Neural excitability, synaptic transmission and neuron-glia interactions
Author: Giovanna Margarita Velázquez Campos | Email: gvelazquez.010390@gmail.com
Giovanna Margarita Velázquez-Campos1°2°, Magdalena Fernández-Acosta1°,María lucia Mares1°, María Fernanda Ceriani1°
1° Fundación Instituto Leloir IIB-BA/CONICET
2° Biología Molecular y Biotecnología de la Universidad Nacional de General San Martín
The circadian clock plays a crucial role in maintaining lipid homeostasis.

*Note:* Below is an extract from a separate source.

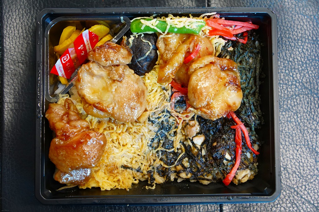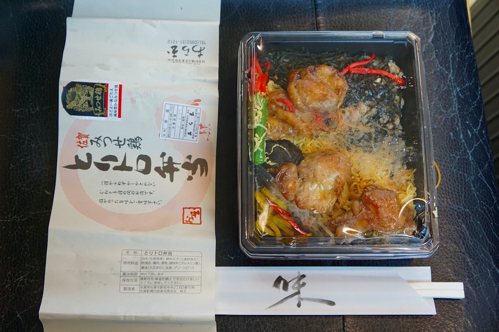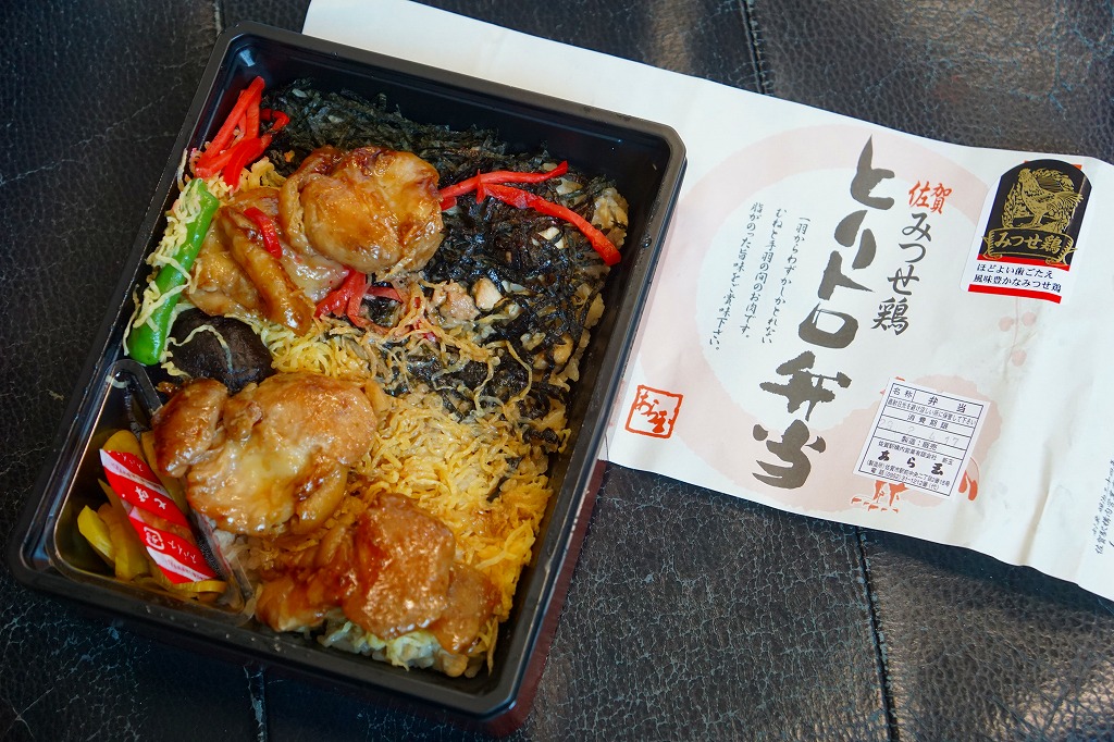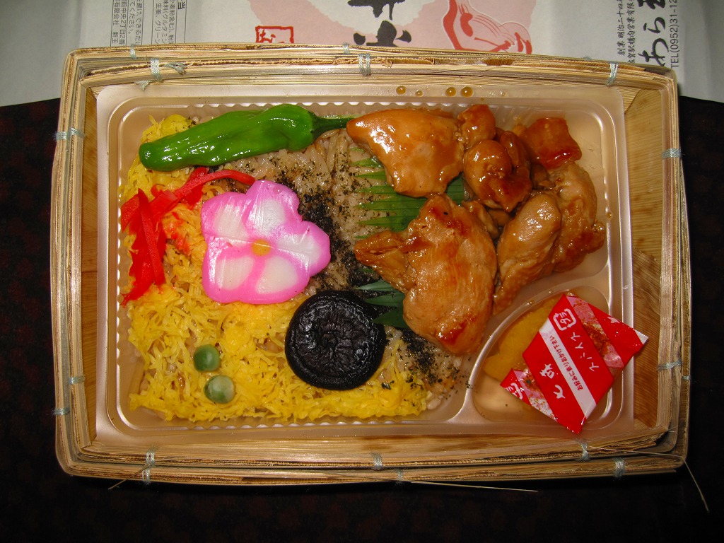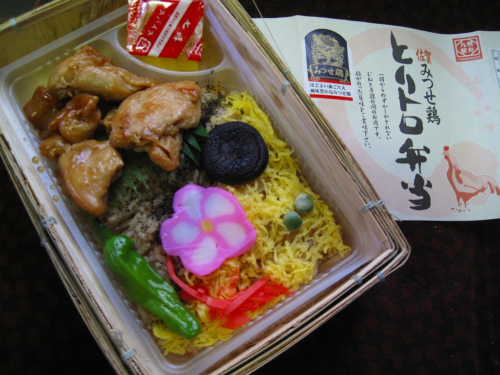 2006(平成18)年10月のJR九州の駅弁キャンペーン「第3回九州の駅弁ランキング」の開催を前に、同年8月に発売。スーパーの惣菜のようなプラ製容器に収まる中身は、茶飯の上を錦糸卵と「みつせ鶏」手羽胸肉の照焼で覆い、グリーンピース、ししとう、シイタケ、かまぼこ、紅生姜で彩り、タクアンと七味唐辛子を添えるもの。見た目も食べても脂肪分が感じられなく、肉の密度が高いのに固いわけではない独特の鶏のぶつ切りが印象的。価格は2006年の発売時で730円、2014年4月の消費税率改定で760円。2022年時点でJTB時刻表に掲載があるが、佐賀駅の店舗になく、2019年で売り止めたのかもしれない。

However, whether lipid signalling feedbacks to the clock has not been addressed. To explore the impact of lipid metabolism on the molecular clock we investigated the role of Osi, a key regulator of lipid catabolism, in the adult brain. Adult-specific osi knockdown (osiKD) in a subset of pacemaker neurons (LNvs) prolongs the free-running period, which results from an altered pace of the molecular clock. Interestingly, the period phenotype is rescued by expression of ETFRF1, the human ortholog of osi that modulates beta-oxidation. osi mutants have elevated ROS levels; however, neither the antioxidant administration NAC nor SOD2 overexpression were effective in rescuing the phenotypes. We next explored whether abnormal signalling could underlie circadian deficits. Lipase 3 (Lip 3) rescues the phenotypes associated to Osi dysfunction in the fat body. However, Lip3 downregulation in neurons does not alleviate the circadian phenotypes resulting from osiKD. Instead, Lip3 knockdown alone leads to a similar period lengthening, suggesting that both proteins may act on the same pathway; if so, Osi would regulate phosphoinositol levels in the brain. In favor of this possibility, the morphology of the sLNv terminals is affected upon osiKD. These results suggest that Osi plays a fundamental role in LNv physiology and provides an opportunity to analyze the cross-talk between lipid metabolism and the circadian clock.